At the beginning of its quarterly conference call with analysts, Genesco chairman and CEO Hal Pennington provided an overview of the details of the settlement with The Finish Line and UBS.  While the settlement calls for GCO to receive a cash payment of $175 million and a 12% equity stake in The Finish Line, Pennington said GCO would only net about $95 million to $100 million in cash in the transaction because the entire package was a taxable transaction.


Mr. Pennington discussed the reasoning behind the settlement and why they thought it was the best available alternative for GCO.  First, he said that they believed that continued litigation was not sufficiently likely to yield a better outcome to justify the delay and risk associated with it.  While he said they had won a “clear victory” in Tennessee Chancery Court in December and FINL was ordered to complete the acquisition in accordance with the merger agreement, they didn't have the cash to acquire Genesco.  He went on to say “their ability and frankly their willingness to hold UBS to its commitment was increasingly open to question.”

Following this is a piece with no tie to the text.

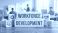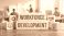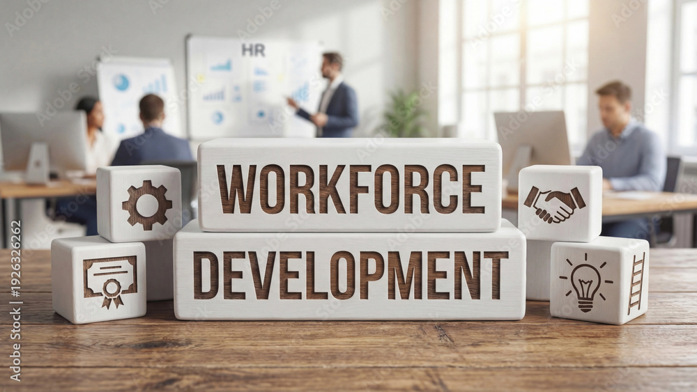 • Workforce Development engraved wooden blocks with gear handshake certificate and lightbulb icons in HR training office environment for employee skill growth and organizational learning

“While we had good arguments that the merged entity would have been solvent, both Finish Line and UBS were in a position to argue the opposite to a judge who was showing some signs of skepticism about the question,” said Pennington discussing the New York suit brought by UBS.

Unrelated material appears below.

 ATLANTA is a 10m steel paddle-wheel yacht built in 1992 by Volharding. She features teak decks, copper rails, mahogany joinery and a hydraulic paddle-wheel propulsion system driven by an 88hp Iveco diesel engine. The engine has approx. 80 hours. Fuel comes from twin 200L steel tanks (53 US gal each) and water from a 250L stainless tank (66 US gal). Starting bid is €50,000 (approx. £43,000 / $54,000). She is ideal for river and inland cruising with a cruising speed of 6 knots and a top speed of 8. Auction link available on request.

“If there had been an insolvency finding or UBS had otherwise succeeded in avoiding its commitment, we would have been left to pursue Finish Line for damages,” he continued. “They were prepared to argue that we could only recover out-of-pocket losses from their breach, not the merger premium.”


Pennington said they believed FINL might file for Chapter 11 bankruptcy rather than return to Tennessee for a damages trial. “Ultimately, recovering damages from Finish Line in excess of this settlement seemed to us at best an uncertain possibility,” he said. “It would have required months or even years of appeals with all the expense and distraction that litigation brings.”



He also said that they did not believe that a re-priced transaction was a viable alternative.  “We had the clear sense that Finish Line's management had reached the point that they did not want a transaction.” 


He went on to say that they had no assurance that FINL or UBS would not “once again be subject to buyers or lenders' remorse before the new deal could close” and might end up in the same situation again.


Pennington said the settlement has at least two obvious benefits.  The first was that it puts a long episode of distraction behind them and the other benefit of the settlement is that it gives GCO some unexpected cash that allows them to “do more than talk about long-term value.”